I have not heard of anyone doing this, but it sounds like an interesting idea.

It’s one of the vision encoding methods I mentioned here. Usually referred to as “Gabor filters” in computer vision.

I’ve tried it, by doing a winner-take-all over Gabor filters for every local patch in a sliding window over the image using standard OpenCV tools (and it’s trivial to roll your own).

It works okay. Doing the same thing with winner-take-all over ConvNet features works better in my experience (on place recognition from video).

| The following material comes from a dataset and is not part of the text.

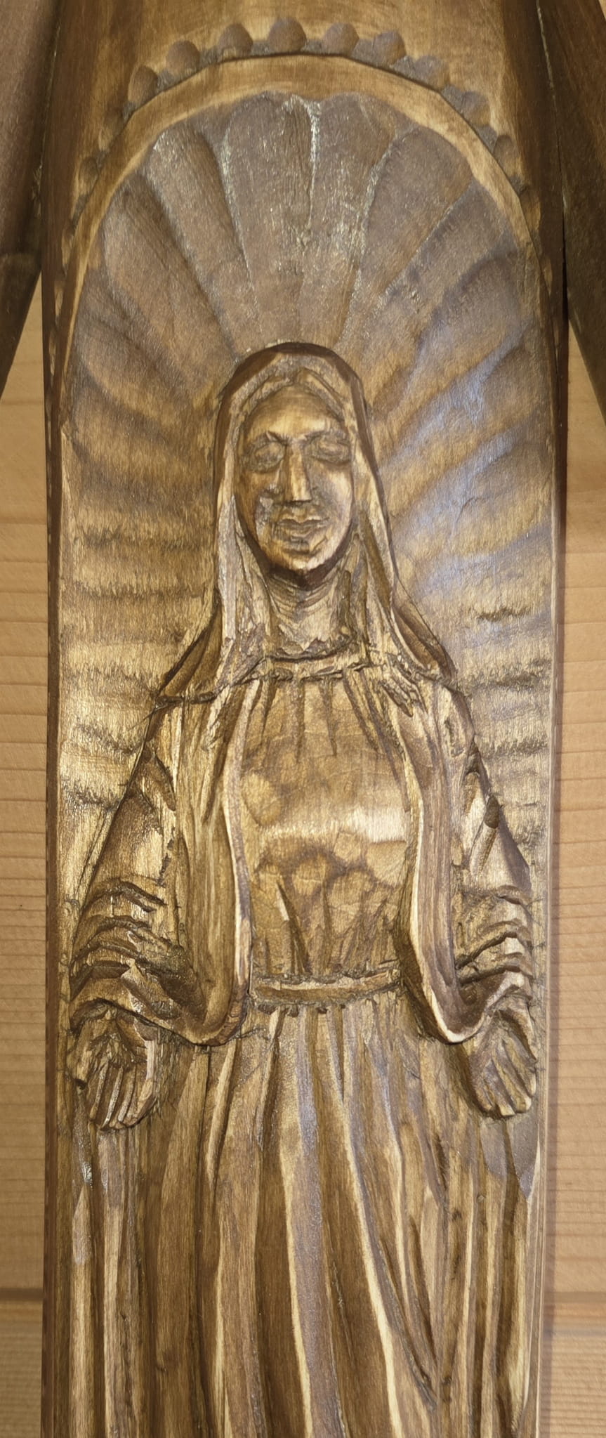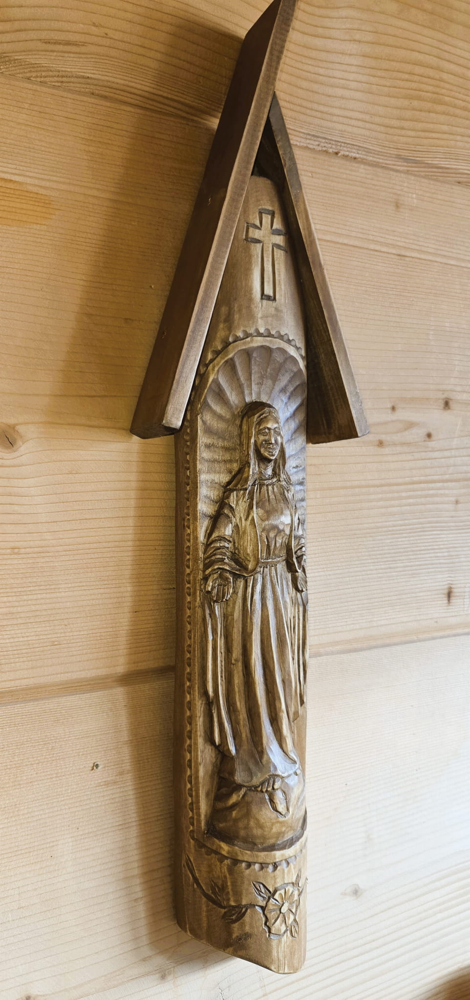 DREWNIANA FIGURA MATKI BOŻEJ - RZEŹBIONA RĘCZNIE - kapliczka do powieszenia- 70 cm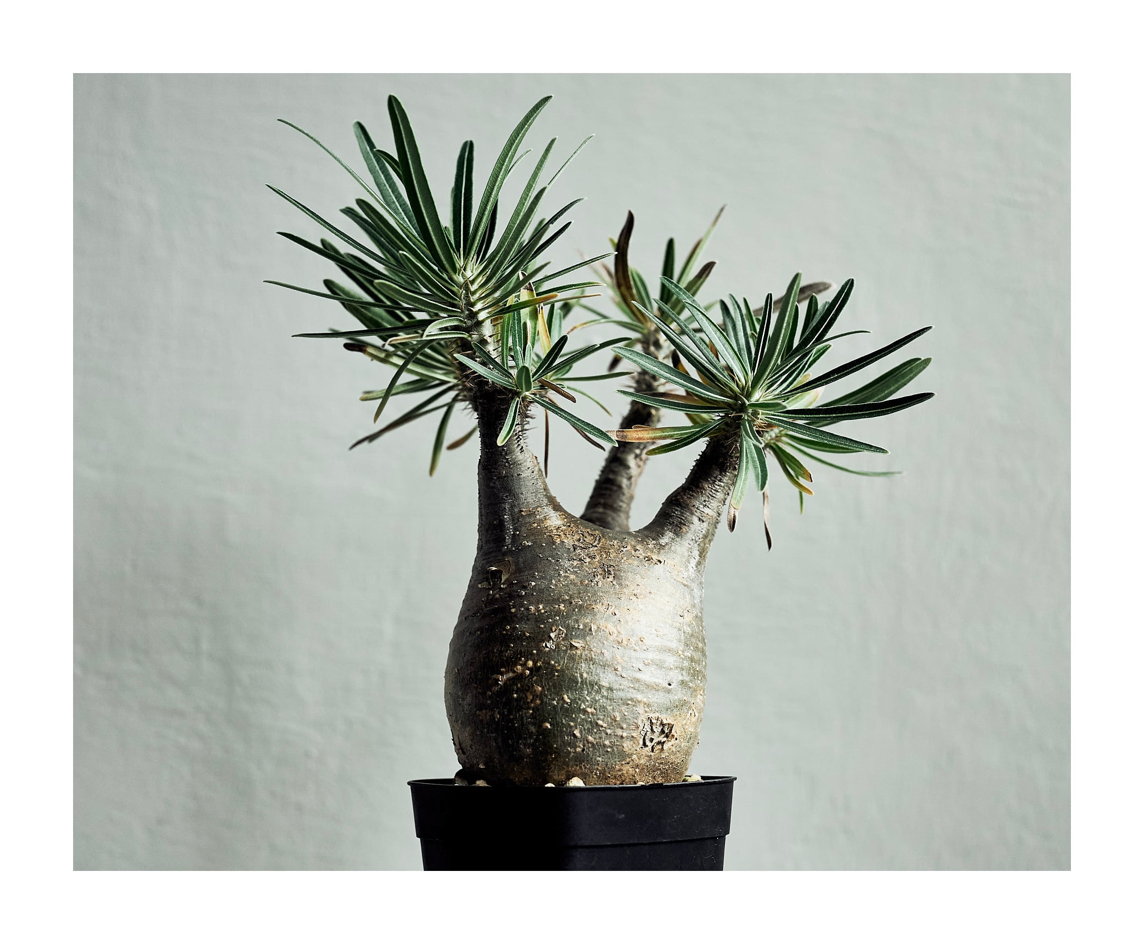 夏が成長期の塊根植物です。年間平均最高気温が30度を超えるマダガスカルのイサロ地区が原産で、ボール状の幹から細い枝が分かれ先端に葉を付かせます。

ConvNet features are similar to wavelets/Gabors, except they’re learned end-to-end on challenging natural image tasks, and are inherently hierarchical if you want a richer multi-scale image encoding than a set of local descriptors would allow.

I didn’t interface any of this with NuPIC I’m afraid, so I can’t help you there. But it would be a good thing to have in the pool of community encoders if someone wanted to write one. It was pretty easy, you just convolve the image with N filters, then report the filter ID with the highest activation at every pixel, and there’s your SDR.

2 Likes

When you say ConvNet, are you referring to a specific implementation of convolutional networks?

I was using a convolutional network called ResNet (trained on ImageNet and fine-tuned on a place recognition dataset called Places365) but I don’t think the specific architecture matters too much.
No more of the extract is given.